Machine translation (MT), the task of mapping content from one language to another automatically by computers, is unarguably one of the most important applications of natural language processing (NLP). Despite great progress in MT using AI, specifically deep learning and neural networks, English-Vietnamese translation quality still lags behind, mostly due to the lack of high-quality datasets at scale.
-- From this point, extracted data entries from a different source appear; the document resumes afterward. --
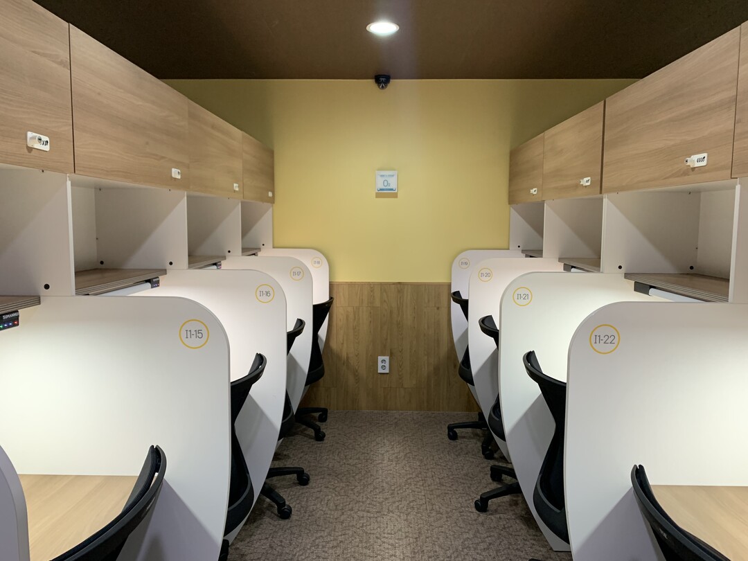 또한 수능까지 꾸준한 학습을 이어나가기 위해 의무학습 교시제와 출결‧외출 관리를 진행하며, 학습실 내에서도 졸음이나 소음 등으로 학습에 방해받지 않도록 실시간으로 학습실을 모니터링하는 상주 관리 인원의 철저한 생활관리로 오직 학습에만 집중할 수 있는 환경을 제공한다.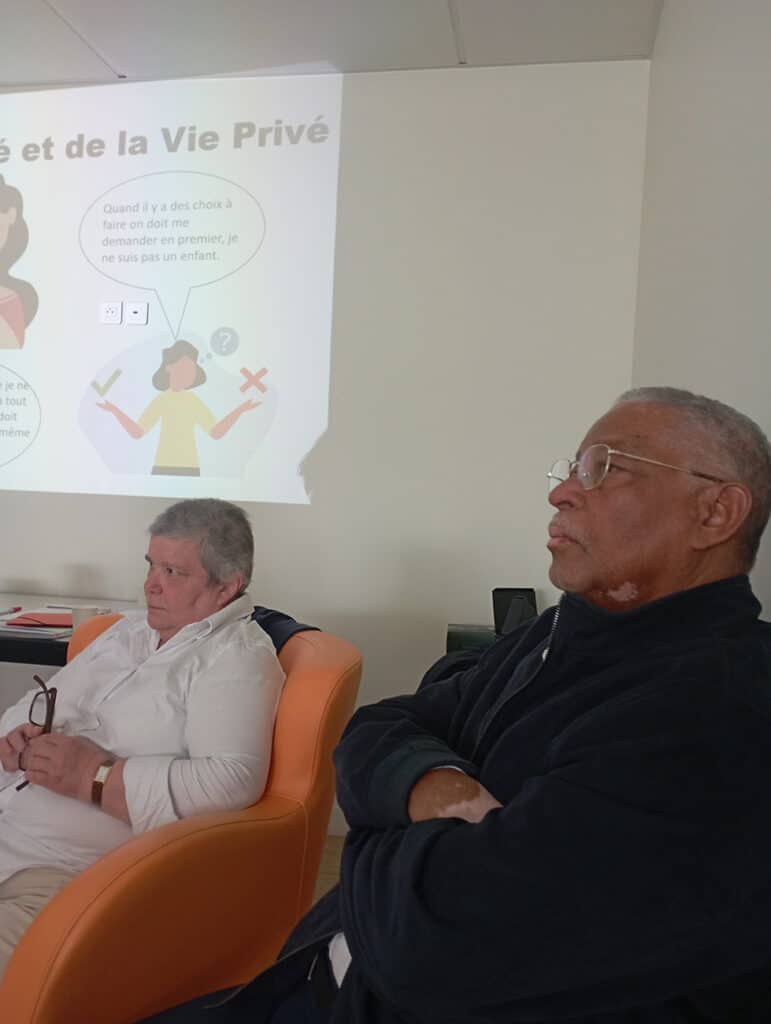 Ces discussions, nourries par des exemples concrets, ont permis de mettre en lumière des thématiques essentielles : la liberté de sortir de l’établissement, la vie affective et de couple, la parentalité, le consentement ou encore la notion de vulnérabilité. Frantz Néblai a complété ces échanges en présentant le rôle et les missions du Défenseur des droits, ainsi que les démarches possibles pour faire valoir ses droits.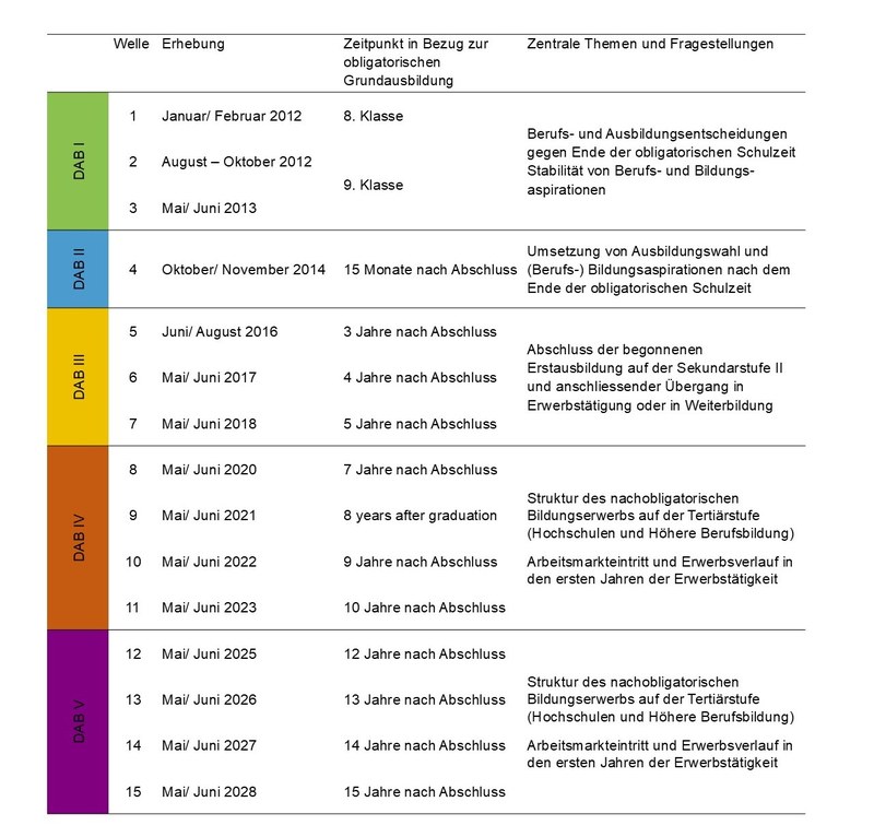 In der Weiterführung der DAB-Panelstudie (DAB II, III, IV, V) wird der Verlauf der Berufsausbildung bzw. der fortgesetzten Allgemeinbildung nach dem Übertritt in die Sekundarstufe II untersucht. Von besonderem Interesse sind einerseits Verlauf und Erfolg der Berufsausbildung, die Fortsetzung von Ausbildungen und Weiterbildung sowie der Übergang in Erwerbstätigkeit und Arbeitsmarkt. Andererseits ermöglichen die Daten der Nachbefragungen (DAB II, III, IV, V) auch Analysen in Bezug auf den Wandel und die Stabilität von Ausbildungswünschen und Berufsaspirationen sowie deren Realisierung.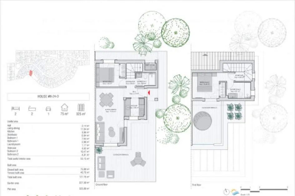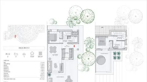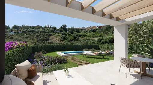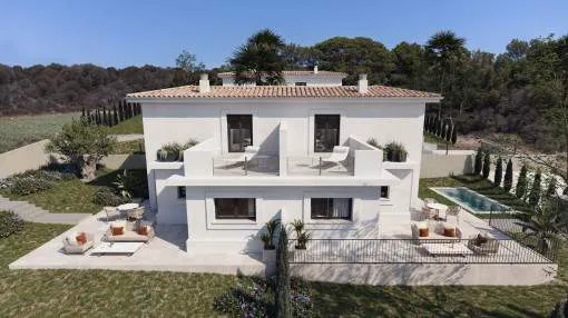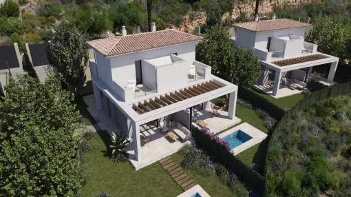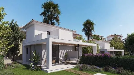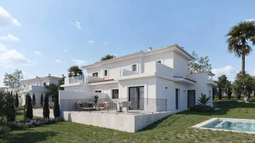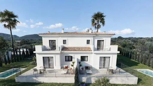 Details: This exclusive new-build project presents itself as an exceptional residential complex with a total of 159 stylish semi-detached houses and detached villas, embedded in a spacious 62,000 sqm site. The ensemble is complemented by an elegant social club, which rounds off the communal yet sophisticated residential concept. Situated in an incomparably beautiful landscape, the villas are characterized by an architectural concept that focuses on the harmonious combination of indoor and outdoor areas. Generous window fronts and well thought-out floor plans allow the Mediterranean light, nature and the relaxed island lifestyle to flow seamlessly into the living spaces. Each villa has a private, undeveloped plot, a spacious terrace, an outdoor parking space and the option to install a pergola and private pools to enjoy the idyllic surroundings and the unique climate of Mallorca to the full. With 2, 3 or 4 bedrooms and different floor plans with a living space of up to 150 sqm, these properties are ideal for families, couples, lovers of independent living, as a high-quality vacation home or as a versatile home that is perfect for remote work. The villas are equipped with everything you need for comfortable and contemporary living. High-quality kitchens with wall and base units offer generous storage space and are equipped with modern electrical appliances, including an extractor hood, induction hob, oven and dishwasher. The hot and cold installation ensures a pleasant indoor climate and maximum well-being all year round. A shuttle service takes you to the nearby bay of Cala Romantica in no time at all. Further units of this project: referenceconstructed areabedroomsfloorprice122632112 m²20€ 399,000.- 122632A118 m²20€ 408,000.- 122632B120 m²20€ 421,000.- 122632C192 m²30€ 674,000.- 122632D238 m²40€ 849,000.- 122632E154 m²30€ 503,000.- 122632F241 m²40€ 754,000.- 122632G155 m²30€ 547,000.- Returns from holiday lettings: For initial orientation you can use the “Porta Holiday Returns Calculator” without obligation to calculate your potential returns from holiday letting. NB: Due to the current legal situation it is possible that in certain municipalities renting restrictions may apply, or new touristic licences may not be granted. Your Porta Mallorquina real estate consultant will be pleased to advise you whether the property you have chosen is affected. Go to Returns Calculator. Location & surrounding area: The bay and the village Cala Mandía are situated on the east coast of Mallorca, just below Porto Cristo and belongs to the municipality of Manacor.

Recently, VietAI¹ has released a high-quality English-Vietnamese translation corpus of 3.3M examples to the research community² to spur further progress in research.

Continuing this effort, we are excited to introduce our second release of VietAI’s MTet project, which stands for Multi-domain Translation for English and VieTnamese. With this release, we further improved on the first-ever multi-domain English-Vietnamese translation dataset at scale to release up to 4.2M examples across 11 domains. In addition, we demonstrated state-of-the-art results on IWSLT’15 (+3.5 BLEU for English-Vietnamese). We hope that our efforts will inspire further contributions to an ever-growing repository of high-quality datasets for the Vietnamese NLP community.

Dataset

English	Vietnamese
We report a seven-year-old female presenting with fever, dry cough, and abdominal pain after that.	Chúng tôi báo cáo một trường hợp bệnh nhi nữ, 7 tuổi vào viện với triệu chứng ho khan, sốt và đau bụng dữ dội sau đó.

English	Vietnamese
This Law was passed on June 9, 2000 by the Xth National Assembly of the Socialist Republic of Vietnam at its 7th session.	Luật này đã được Quốc hội nước Cộng hòa xã hội chủ nghĩa Việt Nam khóa X, kỳ họp thứ 7 thông qua ngày 09 tháng 6 năm 2000.

English	Vietnamese
The problem comes when grasping and attachment dominate your mind and you put all your faith in other people and material possessions.	Những trở ngại thực sự đến với chúng ta khi lòng tham và sự bám víu bắt đầu ngự trị trong tâm chúng ta và khi chúng ta đặt hết tin tưởng vào người khác và vào sự sở hữu vật chất.

English	Vietnamese
Without arguments, 'print' displays the entire partition table. However with the following arguments it performs various other actions.	Khi không có đối số, " print " hiển thị toàn bộ bảng phân vùng. Nếu đưa ra các đối số theo sau, thì nó làm một số hành vi khác.

English	Vietnamese
Then we could buy a castle and live in it with armed guards patrolling outside to keep out Count Olaf and his troupe.	Lúc đó chúng ta có thể mua một lâu đài và sống ở đó với bảo vệ ôm vũ khí đi tuần bên ngoài để ngăn chặn Bá tước Olaf và băng đảng của ông ta.

English	Vietnamese
Many great artists such as Michelangelo, da Vinci and Sir Edwin Henry Landseer were ambidextrous.	Nhiều nghệ sĩ vĩ đại như Michelangelo, da Vinci và Edwin Henry Landseer cũng là người thuận hai tay.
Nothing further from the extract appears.